(Exercise):
Find the line below with "Šis 10 sensorinių" and the line with "Il doit refléter". Output exactly those lines and everything between them, leaving out the pictures.

(Excerpted records):
___

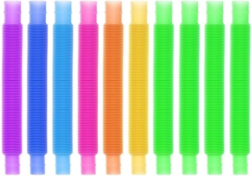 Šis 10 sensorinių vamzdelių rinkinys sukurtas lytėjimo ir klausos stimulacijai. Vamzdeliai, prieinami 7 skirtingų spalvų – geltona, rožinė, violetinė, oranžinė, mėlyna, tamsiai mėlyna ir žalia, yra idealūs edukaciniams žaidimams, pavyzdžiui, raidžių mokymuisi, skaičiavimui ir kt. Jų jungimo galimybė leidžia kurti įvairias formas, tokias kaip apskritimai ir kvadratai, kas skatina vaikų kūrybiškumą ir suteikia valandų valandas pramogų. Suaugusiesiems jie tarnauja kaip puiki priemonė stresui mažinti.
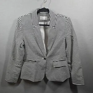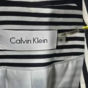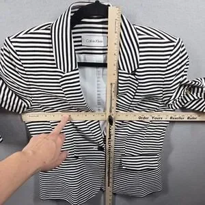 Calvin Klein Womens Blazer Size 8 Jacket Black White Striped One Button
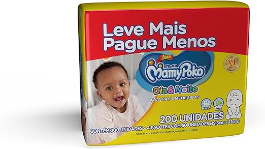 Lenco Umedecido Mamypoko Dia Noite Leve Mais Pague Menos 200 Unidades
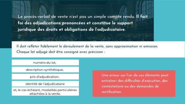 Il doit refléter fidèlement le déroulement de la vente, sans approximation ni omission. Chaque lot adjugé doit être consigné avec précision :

___

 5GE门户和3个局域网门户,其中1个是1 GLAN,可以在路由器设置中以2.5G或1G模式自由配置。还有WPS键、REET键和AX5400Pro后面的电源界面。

___

(Answer below):
 Šis 10 sensorinių vamzdelių rinkinys sukurtas lytėjimo ir klausos stimulacijai. Vamzdeliai, prieinami 7 skirtingų spalvų – geltona, rožinė, violetinė, oranžinė, mėlyna, tamsiai mėlyna ir žalia, yra idealūs edukaciniams žaidimams, pavyzdžiui, raidžių mokymuisi, skaičiavimui ir kt. Jų jungimo galimybė leidžia kurti įvairias formas, tokias kaip apskritimai ir kvadratai, kas skatina vaikų kūrybiškumą ir suteikia valandų valandas pramogų. Suaugusiesiems jie tarnauja kaip puiki priemonė stresui mažinti.
 Calvin Klein Womens Blazer Size 8 Jacket Black White Striped One Button
 Lenco Umedecido Mamypoko Dia Noite Leve Mais Pague Menos 200 Unidades
 Il doit refléter fidèlement le déroulement de la vente, sans approximation ni omission. Chaque lot adjugé doit être consigné avec précision :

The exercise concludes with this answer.